Tim Cook becomes Apple CEO
Charlotte Henry looks back at when the quiet COO stepped up to replace the irreplaceable
CORPORATE SUCCESSIONS HAPPEN fairly regularly and are usually pretty uninteresting and uneventful. However, replacing Steve Jobs as Apple CEO was never going to be straightforward. After all, Jobs wasn’t just his company’s boss, he was its heartbeat.
But on Sunday 11 August, 2011, while recovering from his latest round of treatment for pancreatic cancer and a liver transplant, Jobs called his COO Tim Cook and asked him to come to his Palo Alto home immediately. There, Leander Kahney’s biography of Cook recounts, the two men discussed how Jobs would move to become Apple Chairman while Cook would permanently become CEO. Two weeks later the decision was made public. Just over a month after that Jobs passed away, leaving Cook alone in the spotlight.
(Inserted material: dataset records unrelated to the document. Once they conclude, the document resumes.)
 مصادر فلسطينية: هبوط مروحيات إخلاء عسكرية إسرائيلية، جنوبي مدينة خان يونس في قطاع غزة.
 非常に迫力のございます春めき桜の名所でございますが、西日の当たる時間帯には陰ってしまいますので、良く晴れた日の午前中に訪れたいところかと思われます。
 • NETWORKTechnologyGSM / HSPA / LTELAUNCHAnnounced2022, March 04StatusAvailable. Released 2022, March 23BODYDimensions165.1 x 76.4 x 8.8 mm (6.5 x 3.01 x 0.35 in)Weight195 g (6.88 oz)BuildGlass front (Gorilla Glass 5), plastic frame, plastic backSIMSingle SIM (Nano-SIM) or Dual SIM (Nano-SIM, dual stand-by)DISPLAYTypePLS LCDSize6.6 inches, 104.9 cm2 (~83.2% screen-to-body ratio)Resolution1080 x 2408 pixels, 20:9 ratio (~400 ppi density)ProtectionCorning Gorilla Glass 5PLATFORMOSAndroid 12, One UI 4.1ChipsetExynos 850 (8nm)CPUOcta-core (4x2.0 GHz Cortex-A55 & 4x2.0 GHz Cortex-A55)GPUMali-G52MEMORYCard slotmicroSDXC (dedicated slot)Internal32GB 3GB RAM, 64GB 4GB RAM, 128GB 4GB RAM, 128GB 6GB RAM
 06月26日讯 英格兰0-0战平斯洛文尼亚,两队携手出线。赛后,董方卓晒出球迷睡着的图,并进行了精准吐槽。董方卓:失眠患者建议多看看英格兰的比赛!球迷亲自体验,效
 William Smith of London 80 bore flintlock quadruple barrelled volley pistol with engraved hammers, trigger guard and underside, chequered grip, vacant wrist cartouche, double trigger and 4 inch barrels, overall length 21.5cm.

Commentators, analysts, and Apple fans were sceptical — what could the boring operations guy do? At Cook’s first product launch as CEO, the unveiling of the iPhone 4s with Siri, there was a seat marked “Reserved” for Jobs, underlining how he would remain a key presence. “It is a pleasure to host you today,” Cook said at the event. “I love Apple.” Reports at the time noted the relatively muted response he received, and how the presentation was rather quiet, dull, even.
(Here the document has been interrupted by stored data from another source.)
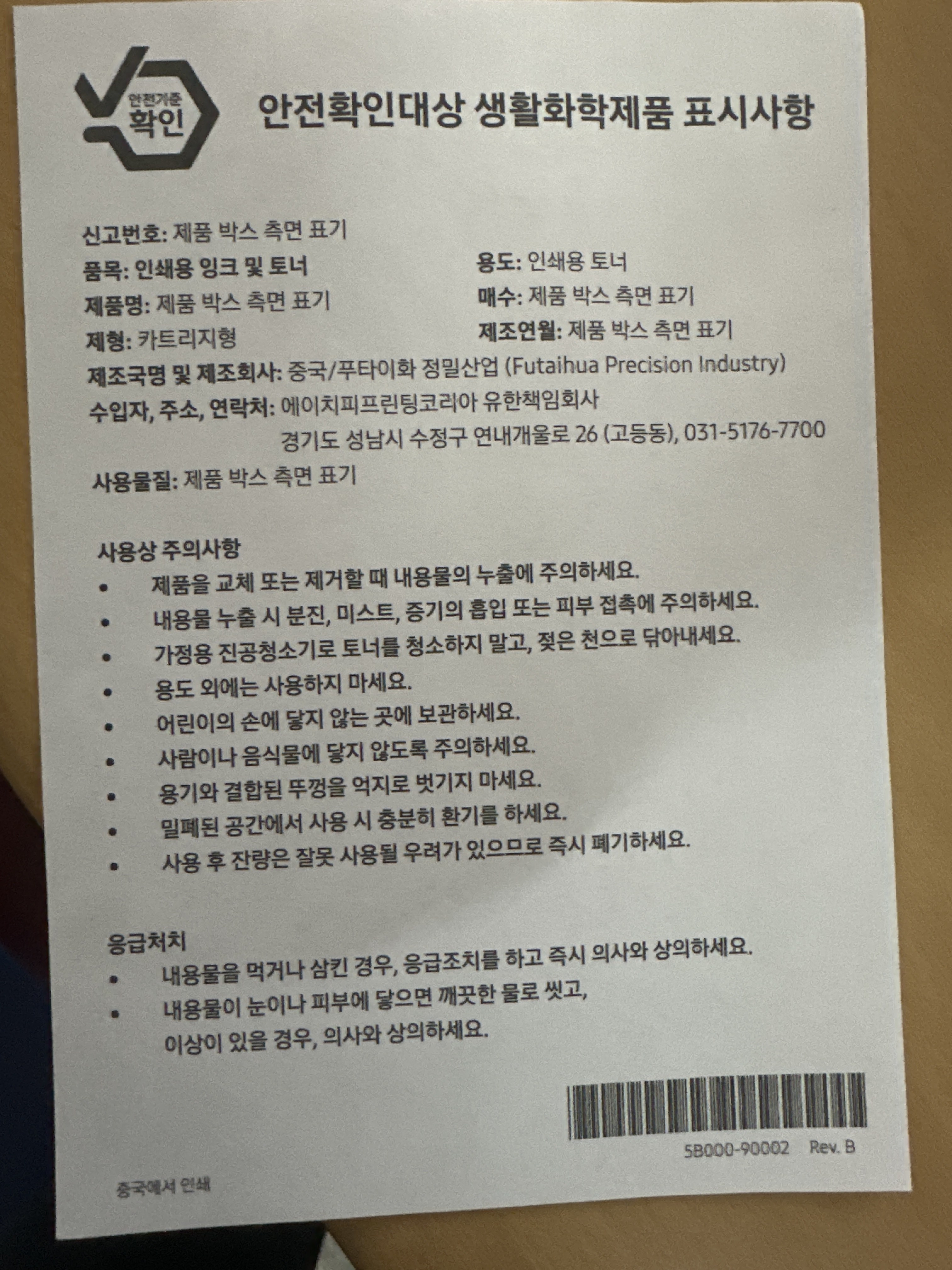 | 출시년월 | 2019년 10월 | 제조자(수입자) | 프린터 : Weihai Xinxing Digital Electronics Co.,Ltd. / HPPK / 토너 : 컨텐츠참조 |
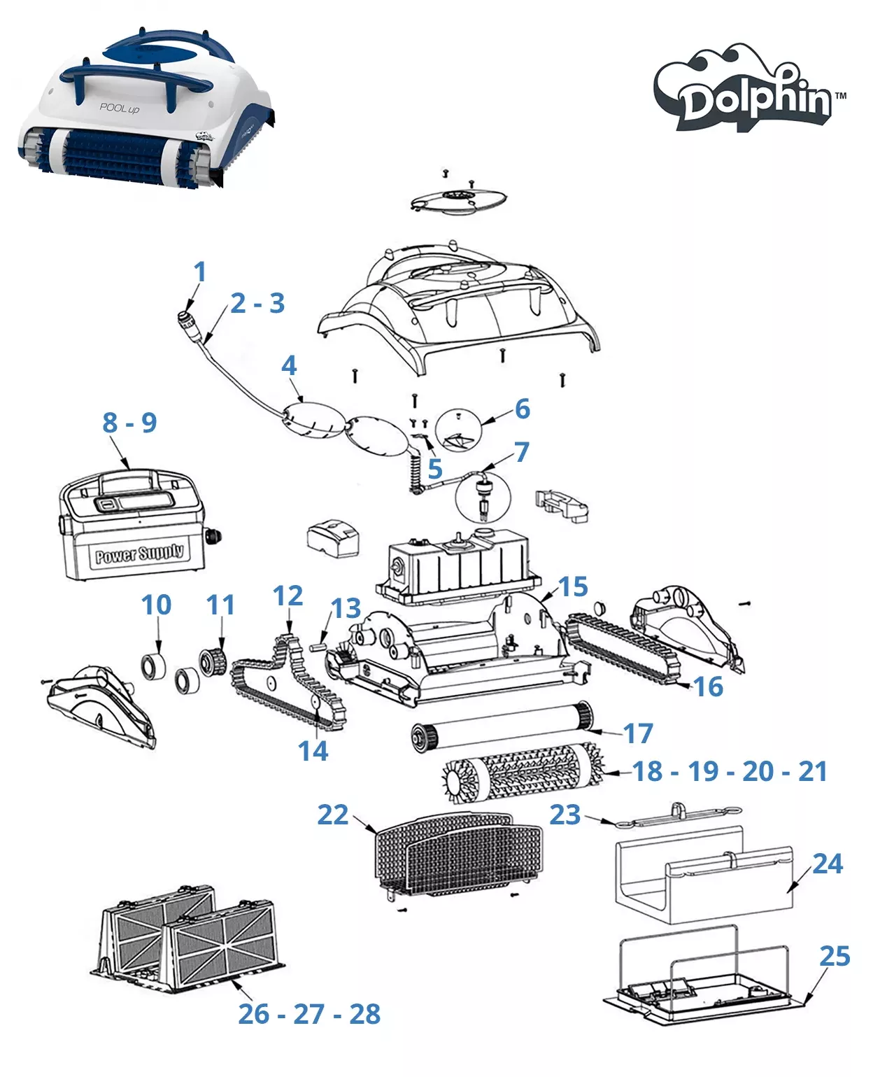 Onderdelen voor zwembadreiniger Dolphin Chassis
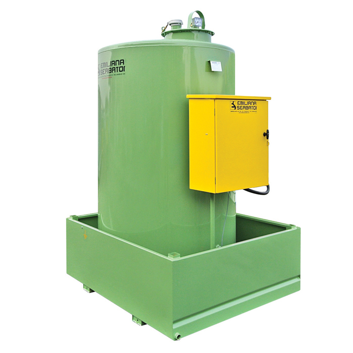 Vertikalni cilindrični spremnici s jednim zidom proizvedeni su korištenjem ljuskastih ploča i zupčastih krajeva izrađenih od ugljičnog čelika kvalitete S235JR prema UNI EN 10025. Spremnici su opremljeni spremnikom koji je dizajniran da zadrži najmanje 50% ili 100% volumena goriva za koji je spremnik projektiran. Spremnici su također opremljeni ormarićima za točenje goriva. Dostupni kapaciteti su od 975 do 9000 litara (1300, 2400, 3000, 5000, 7000).
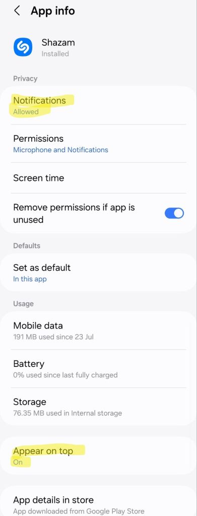 - Change your phone’s Shazam app permissions to allow the permissions Shazam needs: “Notifications” and “Appear on top”.

It’s not just product launches where Cook has found himself under heavy scrutiny — the most personal elements of his life have been made public, including his sexuality. After rumors were published, Cook confirmed that he is gay in a Bloomberg Businessweek column in October 2014. He was the first Fortune 500 CEO to ever come out publicly.
Cook may not have the charisma or product vision associated with his predecessor Jobs, but in August 2020 Apple’s market capitalization hit $2 trillion, having doubled in value in just two years. Not bad a return from the boring operations guy.